**TASK TO COMPLETE:** Your task is to copy the listing exactly. Drop any pictures from the copy.

**DATASET CONTENT:**
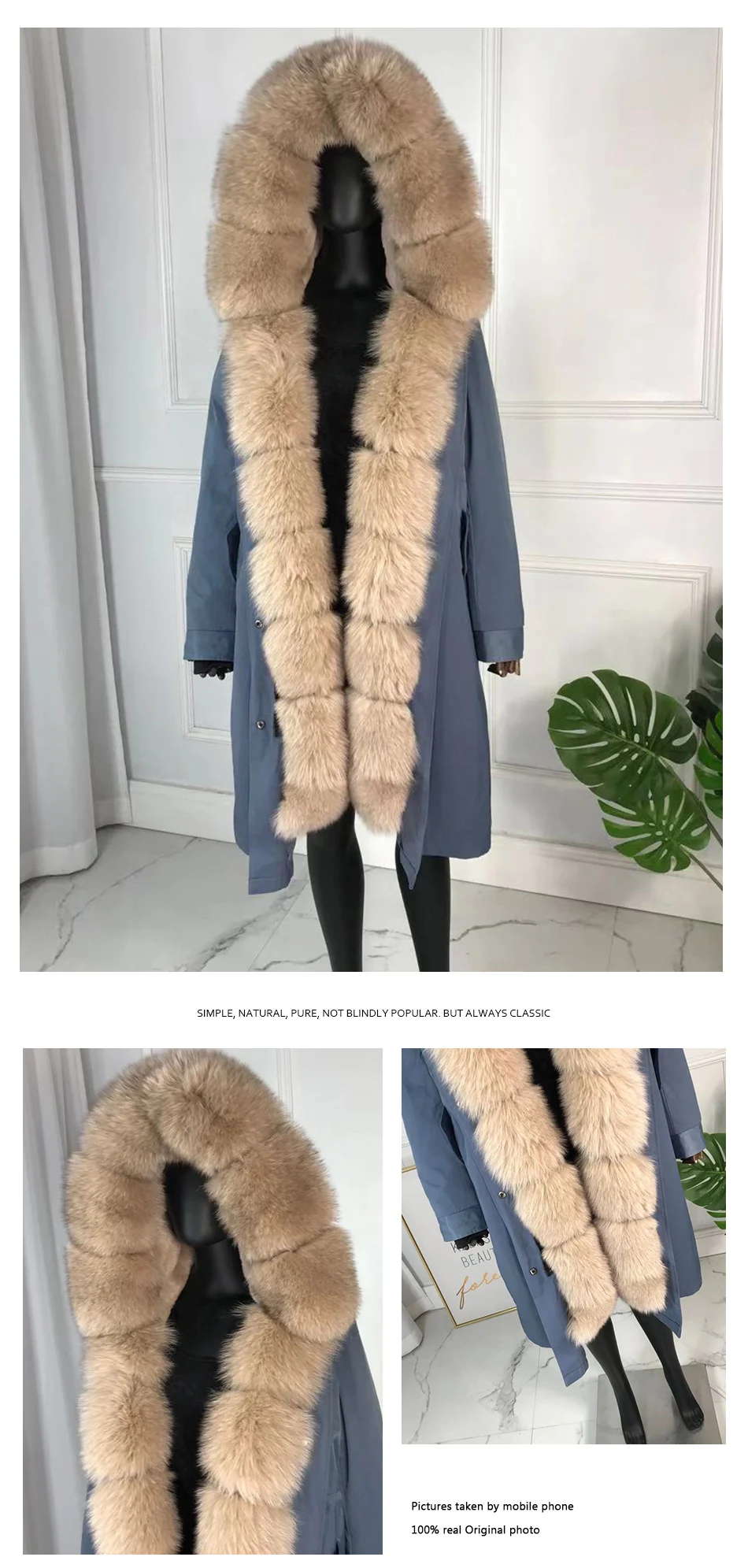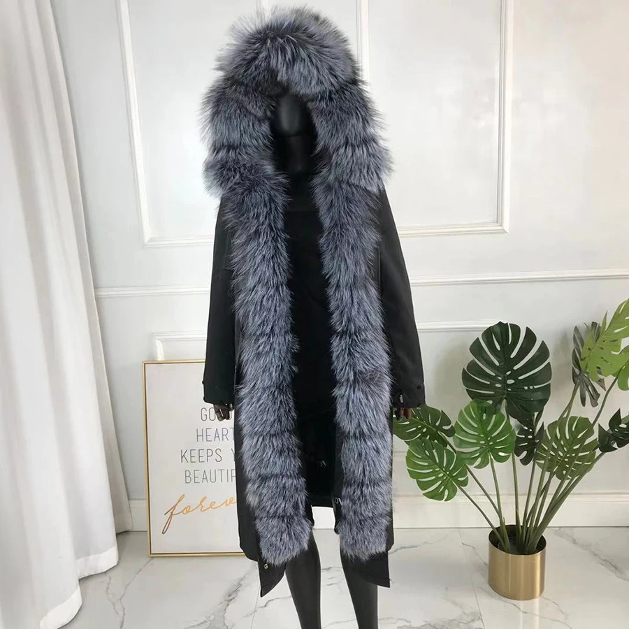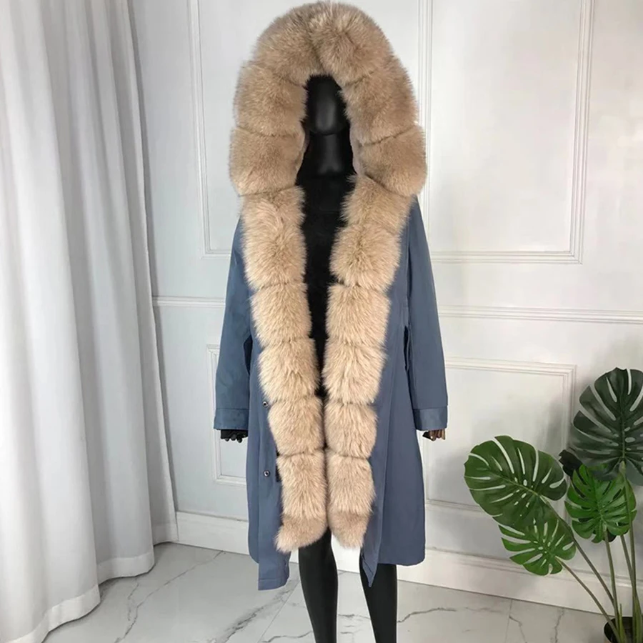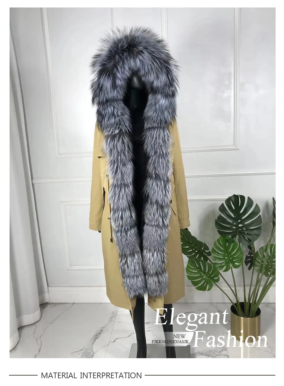 CNEGOVI Kreal натурального меха лисы пальто, куртка-парка с меха лисы Большой меха лисы воротник кроличий мех вельветовый толстый теплый; Ботинки из водонепроницаемого материала
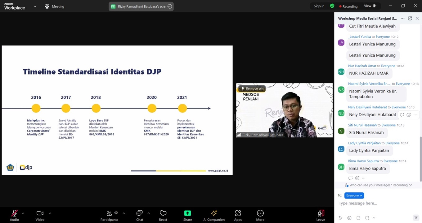 Untuk memperingati Hari Pajak Tahun 2024 dan meningkatkan kapasitas Relawan Pajak untuk Negeri (Renjani), Kantor Wilayah Direktorat Jenderal Pajak (DJP) Sumatera Utara I mengadakan workshop pembuatan konten media sosial. Kegiatan ini bertujuan untuk memperbaiki kualitas penyampaian pesan perpajakan melalui media sosial sesuai dengan standar DJP. Workshop ini dilaksanakan pada Selasa, 23 Juli 2024, dari pukul 10.00 hingga 12.00 WIB secara daring melalui Zoom Cloud Meeting, diikuti oleh seluruh Relawan Pajak untuk Negeri (Renjani) yang berada di wilayah tersebut (Selasa, 23/7).
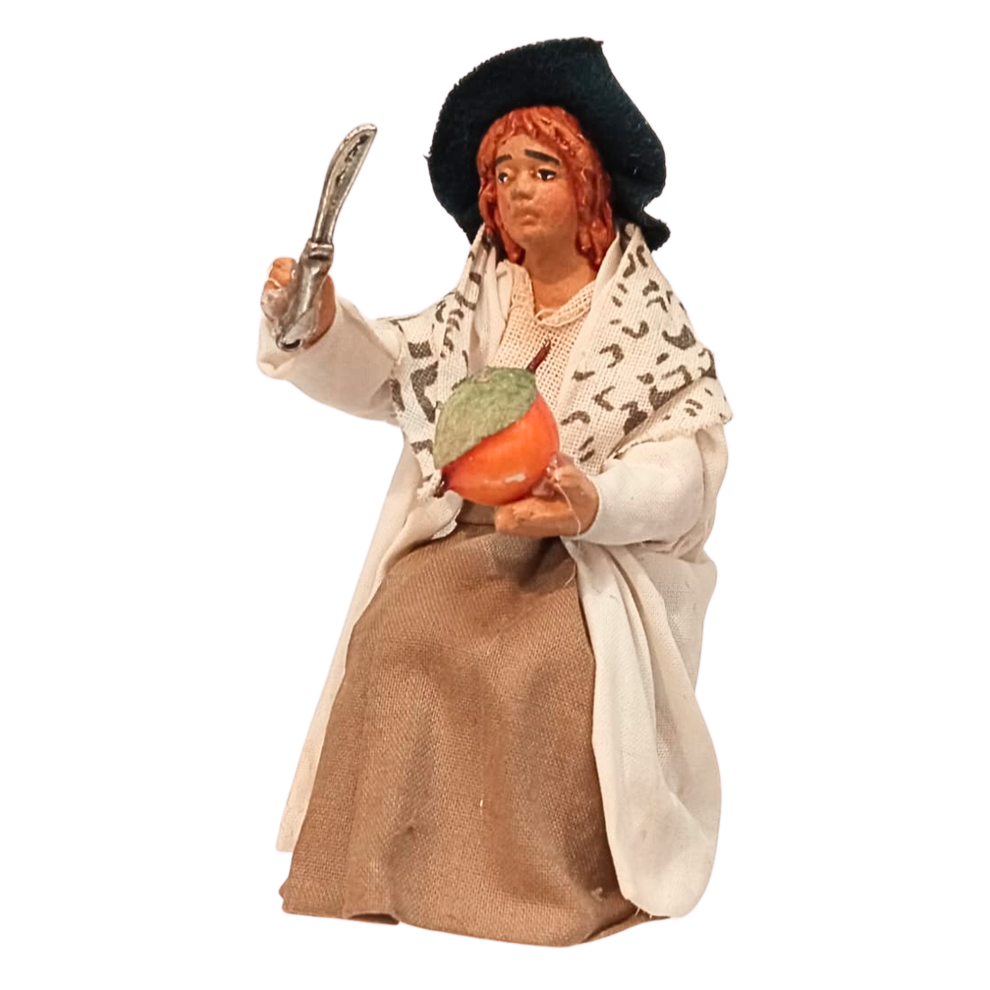 La statuina è in stoffa modellata, con ogni particolare curato a mano nei minimi dettagli. Le espressioni del volto sono realistiche.

**YOUR SOLUTION:**
 CNEGOVI Kreal натурального меха лисы пальто, куртка-парка с меха лисы Большой меха лисы воротник кроличий мех вельветовый толстый теплый; Ботинки из водонепроницаемого материала
 Untuk memperingati Hari Pajak Tahun 2024 dan meningkatkan kapasitas Relawan Pajak untuk Negeri (Renjani), Kantor Wilayah Direktorat Jenderal Pajak (DJP) Sumatera Utara I mengadakan workshop pembuatan konten media sosial. Kegiatan ini bertujuan untuk memperbaiki kualitas penyampaian pesan perpajakan melalui media sosial sesuai dengan standar DJP. Workshop ini dilaksanakan pada Selasa, 23 Juli 2024, dari pukul 10.00 hingga 12.00 WIB secara daring melalui Zoom Cloud Meeting, diikuti oleh seluruh Relawan Pajak untuk Negeri (Renjani) yang berada di wilayah tersebut (Selasa, 23/7).
 La statuina è in stoffa modellata, con ogni particolare curato a mano nei minimi dettagli. Le espressioni del volto sono realistiche.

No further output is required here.